The whole listing should come back exactly as written, except for the pictures.

* _SOURCE MATERIAL_
------------------------------
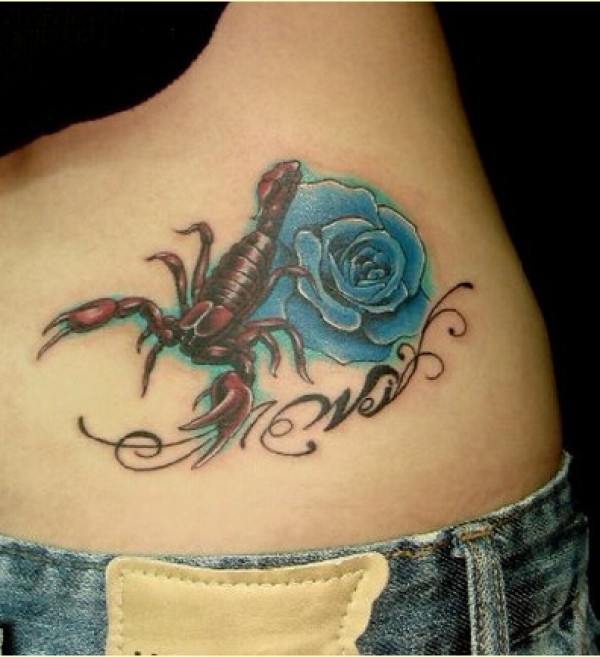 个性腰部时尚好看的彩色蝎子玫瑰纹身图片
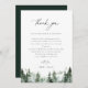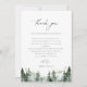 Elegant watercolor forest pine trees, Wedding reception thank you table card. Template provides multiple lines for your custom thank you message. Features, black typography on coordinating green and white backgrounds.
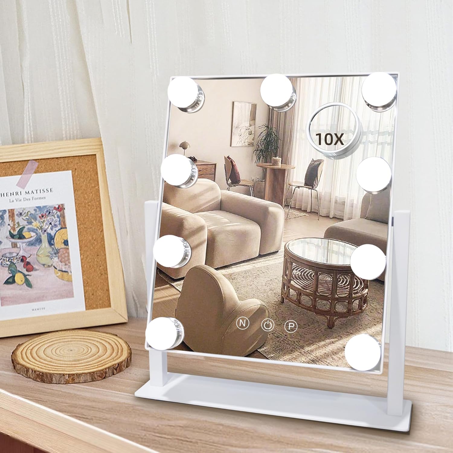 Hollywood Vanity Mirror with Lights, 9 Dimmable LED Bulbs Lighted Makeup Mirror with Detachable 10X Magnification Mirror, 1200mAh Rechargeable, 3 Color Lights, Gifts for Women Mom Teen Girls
------------------------------
* _SOLUTION FOR THIS PROBLEM_
 个性腰部时尚好看的彩色蝎子玫瑰纹身图片
 Elegant watercolor forest pine trees, Wedding reception thank you table card. Template provides multiple lines for your custom thank you message. Features, black typography on coordinating green and white backgrounds.
 Hollywood Vanity Mirror with Lights, 9 Dimmable LED Bulbs Lighted Makeup Mirror with Detachable 10X Magnification Mirror, 1200mAh Rechargeable, 3 Color Lights, Gifts for Women Mom Teen Girls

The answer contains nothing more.